Sophie Jourdier – Liberum Capital

Yeah sure. Thank you. And just the other question I had was why you felt usage of Reb A was as a percentage of the market today because obviously that the your numbers are underrepresented at Reb A at the moment?

Magomet Malsagov

Jordi?

Jordi Ferre

Yeah so the question is what is our share of the Reb A?

Sophie Jourdier – Liberum Capital

Not Reb A what is Reb A’s share of the market today?

Jordi Ferre

Okay. So it’s an estimation I want to give you but I believe that usage wise it would be about 50%.

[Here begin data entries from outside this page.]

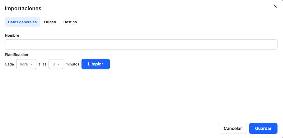 Sous "Données générales", vous devez définir le "nom" de l'importation, ainsi que le "calendrier" ou la périodicité de l'exécution de l'importation générée.
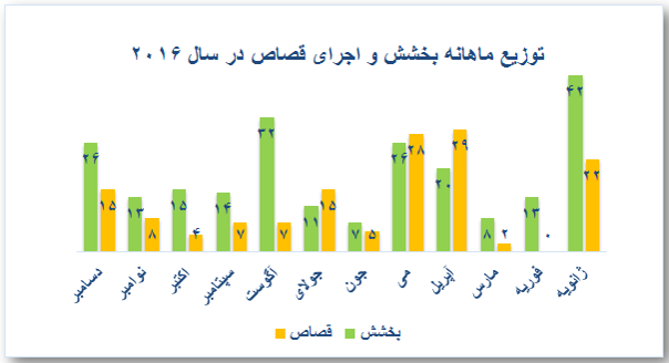 نمودار بالا تفکیک ماهانه اجرای قصاص و بخششها را نشان میدهد. در ۹ ماه از سال تعداد بخششها از اجرای قصاص در سال ۲۰۱۶ بیشتر بوده است.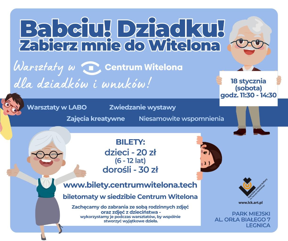 Zapraszamy dziadków do spędzenia niezapomnianego dnia ze swoimi wnukami (w wieku 6-12 lat) w Centrum Witelona! Czekają na Was warsztaty w LABO, zajęcia kreatywne, mnóstwo atrakcji i świetna okazja do wspólnego tworzenia wspomnień, które zostaną z Wami na długo. Dołączcie do nas i poczujcie magię rodzinnego czasu w wyjątkowym miejscu!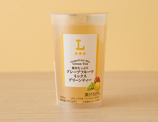 風味豊かな緑茶にグレープフルーツと2種類の果汁をたっぷり50%加えた優しい味わい。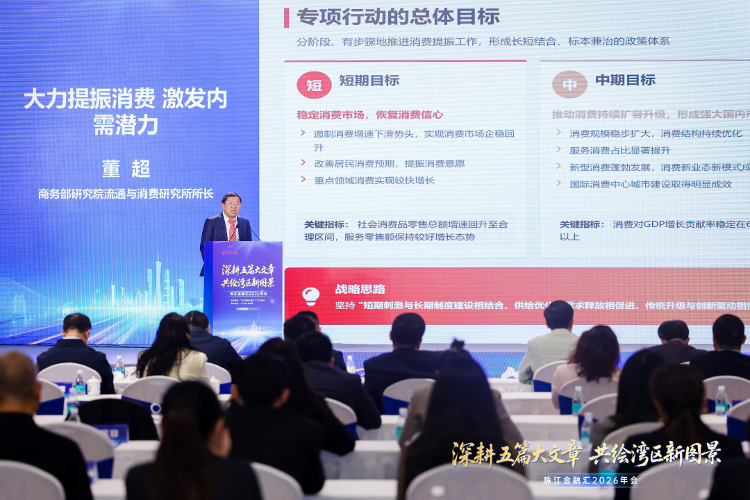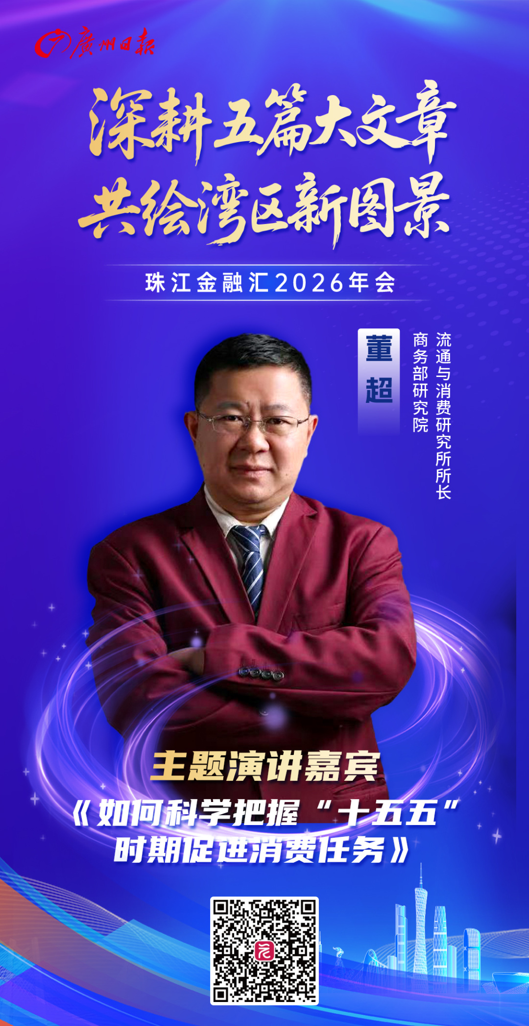 “十五五”新开局,如何进一步有效提振消费?2月5日,由广州日报报业集团主办的“深耕‘五篇大文章’ 共绘湾区新图景——珠江金融汇2026年会”在广州举行。在年会现场,商务部研究院流通与消费研究所所长董超表示,提升能力是基础,优化供给是关键,创新场景是引领,深化改革是保障,这些举措共同构成促进消费的完整政策体系,让市民有钱花、有处花、愿意花、放心花。“只有多措并举、协同推进,才能形成消费持续扩大的长效机制,实现消费与生产、分配、流通的良性循环。”董超说。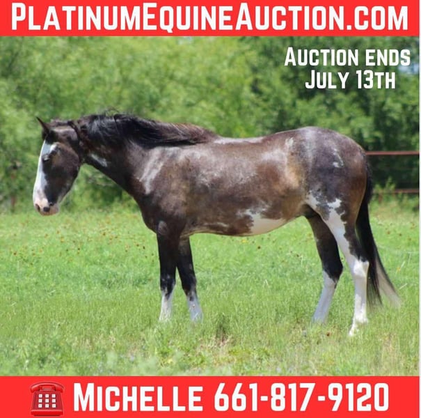 ONLINE AUCTION Place your bids at www.PlatinumEquineAuction.com Starting Bid $3500 Auction ends July 13th 2025 Need a new saddle? Check out White Rock Saddles on our website or Facebook! Are you ready to own the flashiest Mustang around? Look no further than 2-Tone! This stunning 5-year-old BLM branded gelding stands at a perfect 14.1 hands tall and is bursting with personality. If you’re searching for a horse that’s not just beautiful but also a true companion, 2-Tone is the one for you! With an easygoing nature, 2-Tone is the type of guy who loves to be right by your side. He’s seen countless miles of trails from Utah to Texas, and he’s ready for more adventures with you! Whether it’s crossing logs, navigating bridges, or splashing through water, he confidently tackles all types of terrain. In fact, he’s proven his skills with trail courses, where he shined brightly! This guy will even carry a flag without a hitch, showcasing his calm demeanor. 2-Tone has a fantastic stop and backs up with ease, making him a joy to work with. We use him at the sale barn to pen cattle and push cattle up the alleys, and he’s a pro at it! He’s walked through the bustling Fort Worth Stockyards like a seasoned veteran, effortlessly managing crowds, carriage horses, and even longhorn cattle drives. 2-Tone is a breeze to catch in the pasture—he’ll come right to you! He loads and unloads like a champ, is barefoot, and gets along wonderfully in a herd setting. If you’re looking for a horse that’s as friendly and fun as he is. 2-Tone is ready to be your next best friend. Don’t miss out on the chance to make this amazing Mustang a part of your life! We are open to anyone interested in him to schedule a time to come see him or if you can’t make it schedule a FaceTime showing to see him. If you need help with transport don’t hesitate to ask we have a list of reputable haulers that can get him safely to your doorstep WORLD WIDE including, Alaska , Mexico, Hawaii, Canada and anywhere in between. Contact M$ Performance Horses Michelle 661-817-9120 with nay questions. ONLINE AUCTION Place your bids at www.PlatinumEquineAuction.com Starting Bid $3500 Auction ends July 13th 2025 Need a new saddle? Check out White Rock Saddles on our website or Facebook!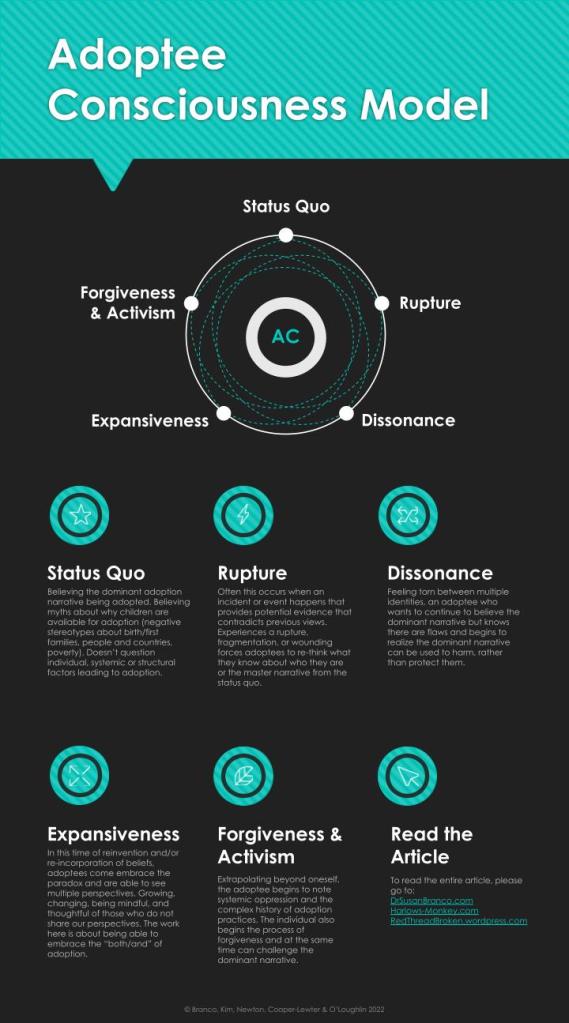 It has been such a pleasure working with fellow adoptees JaeRan Kim (Harlow’s Monkey), Susan Branco, Stephanie Kripa Cooper-Lewter, and Paula O’Loughlin on this model. In writing this work, we were intentional about drawing from the work of other scholar-activists of color and adoptees. We also elected to self-publish this paper, so that you all could access it from each our websites rather than putting it behind a paywall, restricted to only those with university access.

Sophie Jourdier – Liberum Capital

Right. Thank you very much.

Operator

Thank you. [Operator Instructions]. Our next question is from Charles Pick from Numis. Please go ahead.

Charles Pick – Numis

Good afternoon gentlemen. I’ve got four questions I’m afraid. Firstly, I think a year ago you said the percentage of the sales for the beverage global key accounts is about 25% of volume and about two thirds of the volume was beverage customers. I wondered if you could give a general update on those figures please. Secondly, on the Asian sales figure is only up 0.5% was there anything specific that sort of restrained you in that area apart from the delayed regulatory situations that did get mentioned? Thirdly, is it possible to give you an update to Reb B as there’s been a lot of use general news recently? And a final point the sharp fall in the price and also the fall in the world sugar price have they had any dent in impact do you think on the uptake of tevia products?

Magomet Malsagov

Hello Jordi will answer the first two questions.

Jordi Ferre

So first one was and this was year ago we said that potential of sales global beverages was 25% of volume, but at long term, we said two third of volume would be for beverage customer correct? What is the position now year ago sales and beverages by the inventory that’s correct?

Magomet Malsagov

And I think we made progress there in percentage but we are still a way to go to the fulfillment of the two thirds.

Charles Pick – Numis

All right. Okay. Thanks.

Jordi Ferre

And the second question on Asia Charles is more in accounting we’ve – the fact that we’ve opened up more entity means that we have less direction from Asia. So some of the Asia sales that we’re reporting to Asia are in 2013 now go directly from other geographies so 0.5% is correct from the financial statement but the underlining trading Asia is coming pretty stronger than that.

Charles Pick – Numis

Okay, thanks.

Magomet Malsagov

Why don’t you Jordi talk about the sugar prices?

Jordi Ferre

So sugar price coming back to your question of sugar price affecting our sales. We again thanks to our Stevia 3.0 approach we got solutions that can economically be even so in the phase of some other markets sugar reduction price. Again sugar prices vary from market to market generally speaking, we are always able to provide savings against the sugar price even with the conflicts of today’s situation. What was the question again

Magomet Malsagov

The Reb B?

Jordi Ferre

The Reb B question once again – general Reb B actually been very, very well received by customers. We are making commercial progress and I will stop short of saying anything else.

Magomet Malsagov

It’s a product that goes to market on a non-exclusive basis and with that said, we will be selective with who we supply due to availability.

Charles Pick – Numis

Good. Thank you very much indeed for that.

Operator

Thank you. And I’m showing no further questions. I’ll turn the call back over to management for some closing comments.

Magomet Malsagov

Well thank you very much for your time. We are generally – to summarize, we are very positive about the progress that we made to-date. We believe we are at the point of referring in terms of market acceptance in terms for Stevia. I think from now on moving forward, you will see steady good growth again it will not be a straight line, but it’s going to be steady and essential growth moving forward next three to five years that’s our belief based on what we see is happening particular in carbonated soft drinks category and what we know is in the pipeline. So we’re very optimistic and positive and look forward to talk to you in September with good full year results. Thank you very much and have a good day.

Operator

Ladies and gentlemen this concludes our conference. Thank you for your participation. You may now disconnect.